G20 meet in April more crucial than G7, say analysts

A meeting of G7 finance ministers and central bank governors gets under way in Rome. (AFP)

Analysts and economists believe that the Group of 20 meeting to be held in April is more crucial than the Group of 7 meeting as the developed countries group cannot solve the global economic crisis on its own.

They said the initiatives proposed after two days of talks would be tested in April when the Group of 20 emerging and rich nations are to meet in London, with China wielding particular clout.

Beijing came in for special praise in Rome meeting of G7 for its "continued commitment to move to a more flexible exchange rate" that would likely lead to the appreciation of the yuan.

The charge that Beijing was letting its currency slip to protect the price of its exports has been a constant source of friction with Washington.

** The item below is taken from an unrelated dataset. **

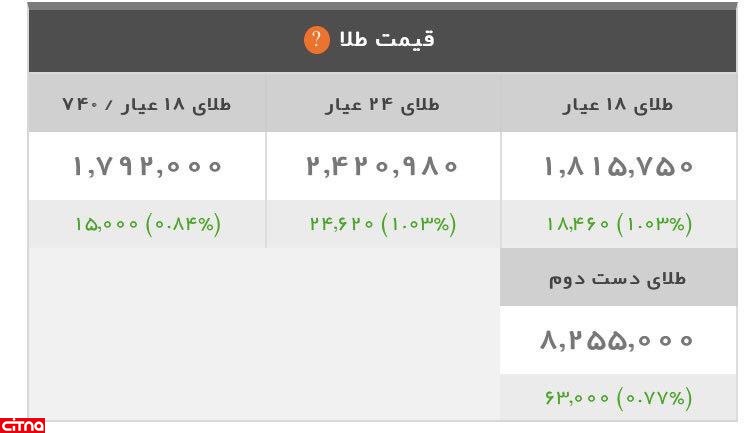 هر مثقال طلا با 8 هزار تومان افزایش به قیمت 786 هزار و 500 تومان رسید. هر گرم طلای 18 عیار هم 181 هزار و 575 تومان شد.

The G20 meeting will be crucial in reinforcing the ambitions of the G7, said analyst Marco Annunziata, chief economist at Italian bank UniCredit.

"The G20 will be far more important because the G7 countries cannot resolve the crisis on their own. They need the help of the emerging economies," Annunziata said.

Annunziata said: "The fact that China is still buying US Treasury bonds is essential."

Group of Seven finance ministers have urged bold reforms to the world financial system, while leaving little doubt that the global economic turmoil is far from over. Italy's Finance Minister Giulio Tremonti called for a "new world economic order" as he wrapped up the crisis meeting over which he presided in Rome.

In a joint declaration, the G7 called for "urgent reforms" of the international financial system and reiterated a bleak outlook for the world economy, after fresh data showed the eurozone recession deepening.

The financial leaders from the G7 grouping of Britain, Canada, France, Germany, Italy, Japan and the United States plus Russia met as countries were struggling with the worst economic crisis in decades.

Grim data showed that the eurozone economy slumped by 1.5 per cent in the fourth quarter of 2008. The European Union overall and several individual EU countries – including G7 host Italy – are also in recession.

The G7 delegates in a joint statement vowed to avoid protectionism as they seek to stabilise the tottering world economy and financial markets and said stabilisation of "highest priority".

The global crisis "has highlighted fundamental weaknesses in the international financial system and that urgent reforms are needed", the statement said.

US Treasury Secretary Timothy Geithner made his debut on the world stage, after taking office last month and launching a vast US financial stabilisation plan that received a sceptical reaction in the United States.

He vowed that his country, the biggest economy in the world and the source of much of the financial drama in recent months, would work with other nations for a consensus on reforms.

"We need to begin the process of comprehensive reform of our financial system and the international financial system, so the world never again faces a crisis this severe," Geithner said after the talks.

"The key elements are to make sure that we're making banks strong enough that they can be supportive of recovery," he said.

"It will require ways to bring in private capital, provide public capital when that's necessary and it's going to require direct action to try to get credit markets working again."

Dominique Strauss-Kahn, head of the International Monetary Fund (IMF) – the body coming to the rescue of some crisis-hit countries – said restructuring banks damaged by the credit crunch was the main problem facing governments.

The G7 reiterated the view of several top delegates that protectionism – when countries take measures that favour their own economies at the expense of others – was a threat to stability.